A look at the week that was in Oregon arts. A glimpse ahead at the week that's going to be.

Hang on tight: it’s going to be a wild week. Or, to borrow a line from Rodgers & Hammerstein’s  Carousel, June is bustin’ out all over. Without further ado, a few of the highlights from the next seven days:

ROSE FESTIVAL/DRAGON BOAT ART SHOW. Yes, it’s here again, the annual civic bacchanalia that, as local journalistic legend has it, an old-school reporter for The Oregonian once famously described as the season “when sailors swim upstream to spawn.” The Starlight Parade begins to wind through downtown streets at 8:30 p.m. Saturday, and those who love a parade are advised to show up and snag a spot well in advance. (Those who don’t love a parade are advised to stay away from downtown at all costs.) Here at ArtsWatch we’re quite fond of the dragon boat races (we happen to know a few paddlers, and they’re a hearty lot), which splash down June 11-12 in the Willamette River.

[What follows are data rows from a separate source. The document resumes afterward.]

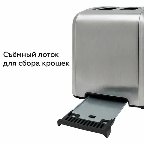 Съемный поддон для крошек значительно упрощает уход за устройством. Он легко выдвигается и очищается.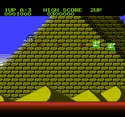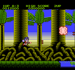 第三关的boss。这个boss很强大!小怪可以消灭,但是那些花粉攻击就消不了的,只能躲避,而且数量不少,堪比那个时代FC的弹幕了。突然间来一个难度很大的boss,当年有玩这款游戏的玩家很多就卡在这处。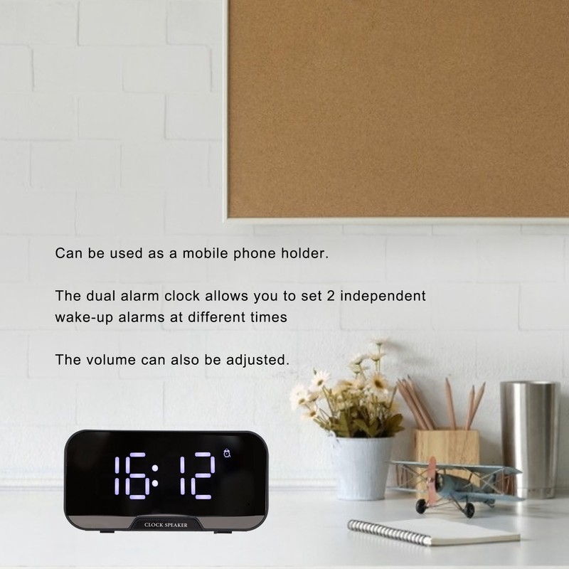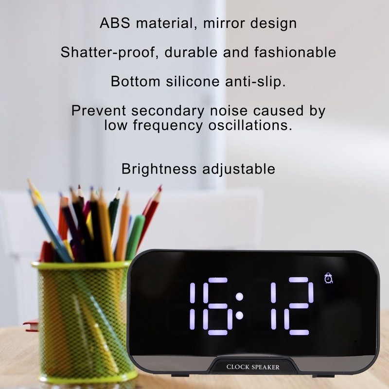 1、ABS material, mirror design, drop proof, durable and fashionable. The bottom silicone is non slip. Prevent secondary noise caused by low frequency oscillation. 2、Not only Bluetooth speakers, but also mirror design, Bluetooth, adjustable brightness, display clock, dual alarm clocks, and temperature. Can be used as a mobile phone holder. 3、Support Bluetooth 5.0 technology, compatible with all Bluetooth connected devices, enjoy music anytime, anywhere. The bass and large diaphragm speakers create a three-dimensional and powerful bass effect. 4、Supports three different brightness adjustments, reading before going to bed, and sleeping with you after going to bed; the brightness can be adjusted flexibly. The brightness adjustment is just right. 5、In addition to listening to music, it also increases the pleasure of hearing. Listening to your favorite radio stations, current events and funny jokes in your free time will add to your fun.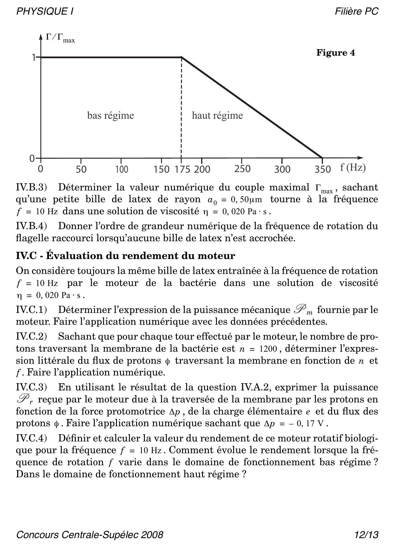 IV.C.4) Définir et calculer la valeur du rendement de ce moteur rotatif biologique pour la fréquence . Comment évolue le rendement lorsque la fréquence de rotation varie dans le domaine de fonctionnement bas régime? Dans le domaine de fonctionnement haut régime?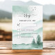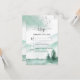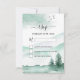 Rustika Berg Skog Vattenfärg Vår Bröllop RSVP Inbjudningar på vit bakgrund - inkluderar vacker och elegant skrifttyp med moderna gröna berg, fåglar, tallar och grönska för den speciella bröllopsfesten.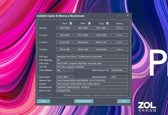 华硕ProArt Q17搭载了2×32GB DDR4 2666 ECC内存,以下是其读写、拷贝与延迟性能的测试结果: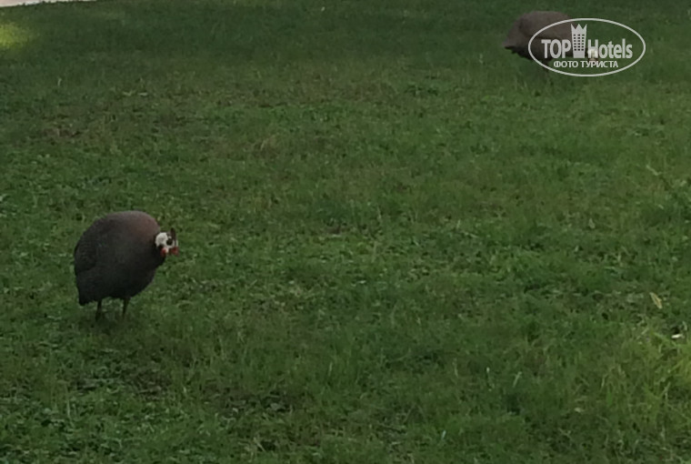 Много кошек на террритории, но они не мешают, иногда няшные котятки бегали. Правда их подкармливали колбасой, а к ней тянулось огромное количество муравьев. С утра на газончиках паслись цесарки, это было круто)

And we’re always tickled by Fire on the Water, the annual show of art inspired by the dragon boat races, which is free and always a lot of fun. This year’s version, with work by about seventy artists, opens Thursday in the rotunda lobby of the performing arts center’s Antoinette Hatfield Hall, and hangs around all summer, through August 30. You can drop in most anytime.